▸ **Task instructions**:
Drop all images. Then write out each line below exactly as given.

▸ **Available data**:
────────────────────────────────────────

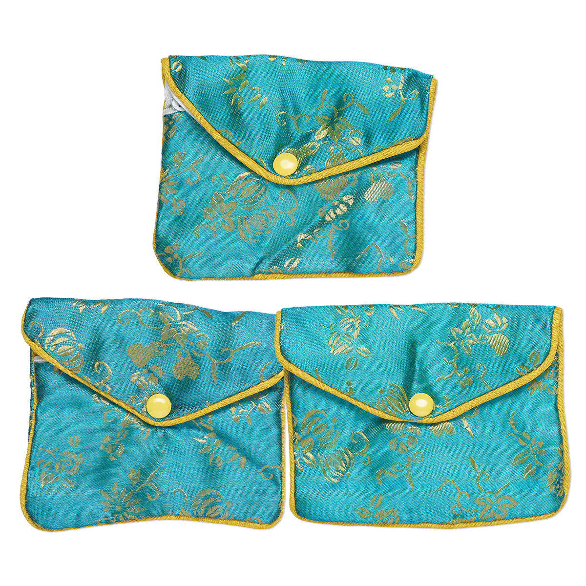 Pouch, rayon, teal / yellow / white, 3-1/2x4-1/2-inch brocade. Sold per pkg of 3.
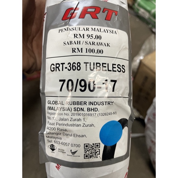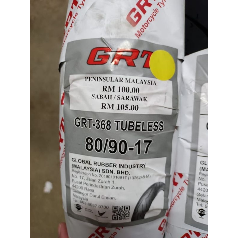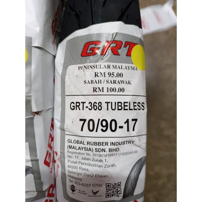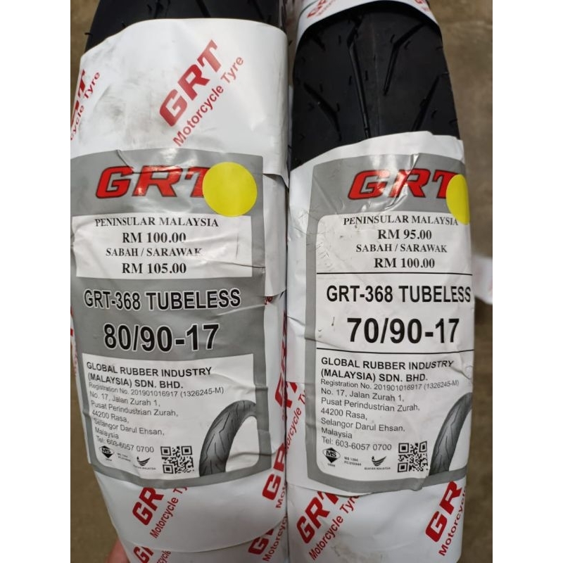 Y15ZR RSX RS150 Y16Z TAYAR TYRE TUBELESS BUNGA PIRELLI DIABLO ROSSO SPORT GRT368 70/90-17 & 80/90-17 GLOBAL TYRE
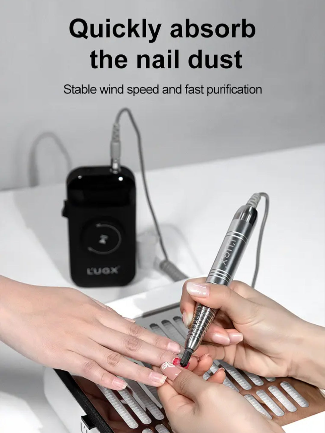 The LUGX 608 Custom Logo 40W Electric Nail Dust Collector is a professional vacuum cleaner designed for nail salons, featuring high power for efficient performance. Its sleek white design and strict quality control ensure a premium experience from usage to packaging.
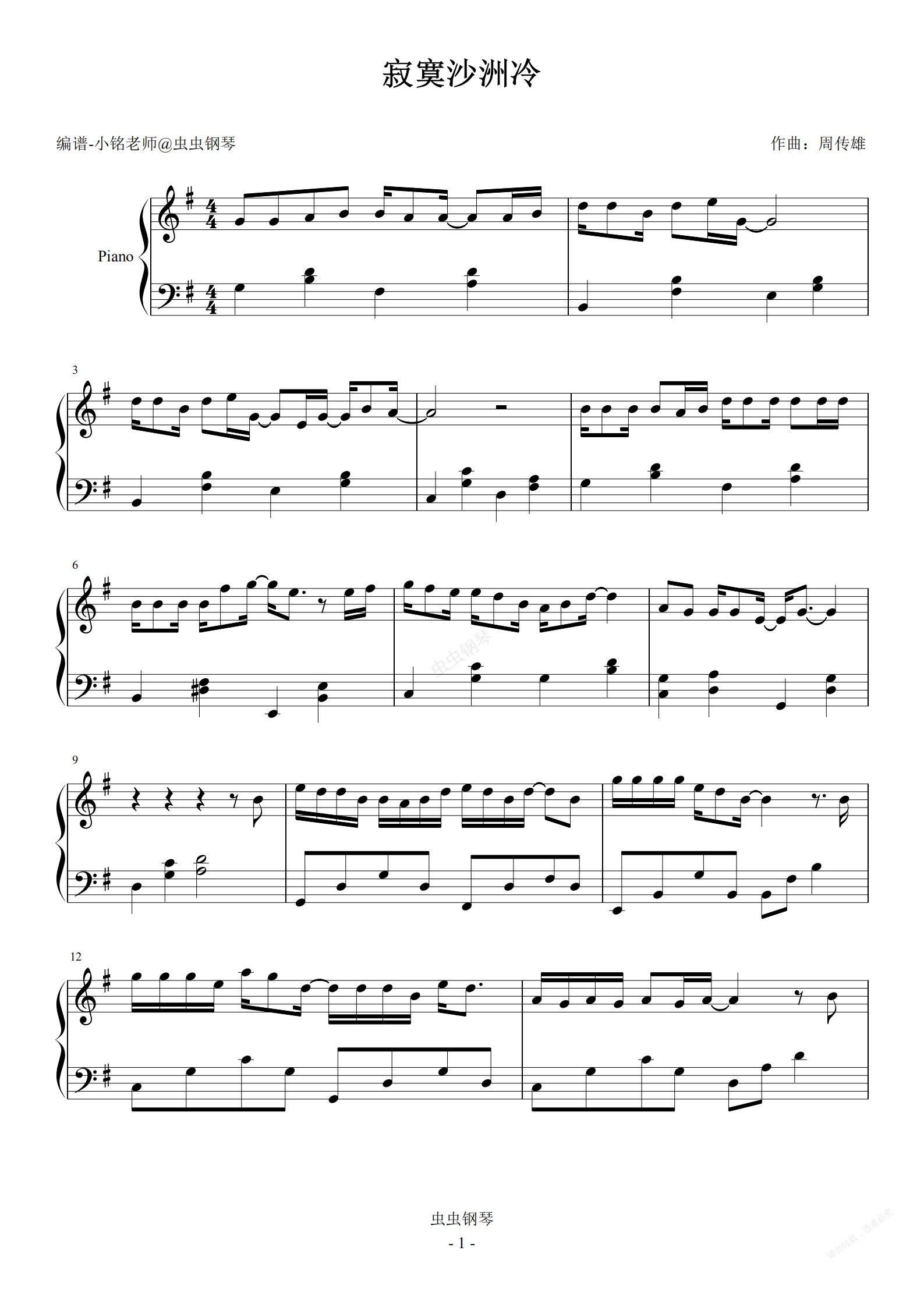钢琴谱:寂寞沙洲冷 【怀旧 简易】

────────────────────────────────────────

▸ **Written answer**:
 Pouch, rayon, teal / yellow / white, 3-1/2x4-1/2-inch brocade. Sold per pkg of 3.
 Y15ZR RSX RS150 Y16Z TAYAR TYRE TUBELESS BUNGA PIRELLI DIABLO ROSSO SPORT GRT368 70/90-17 & 80/90-17 GLOBAL TYRE
 The LUGX 608 Custom Logo 40W Electric Nail Dust Collector is a professional vacuum cleaner designed for nail salons, featuring high power for efficient performance. Its sleek white design and strict quality control ensure a premium experience from usage to packaging.
钢琴谱:寂寞沙洲冷 【怀旧 简易】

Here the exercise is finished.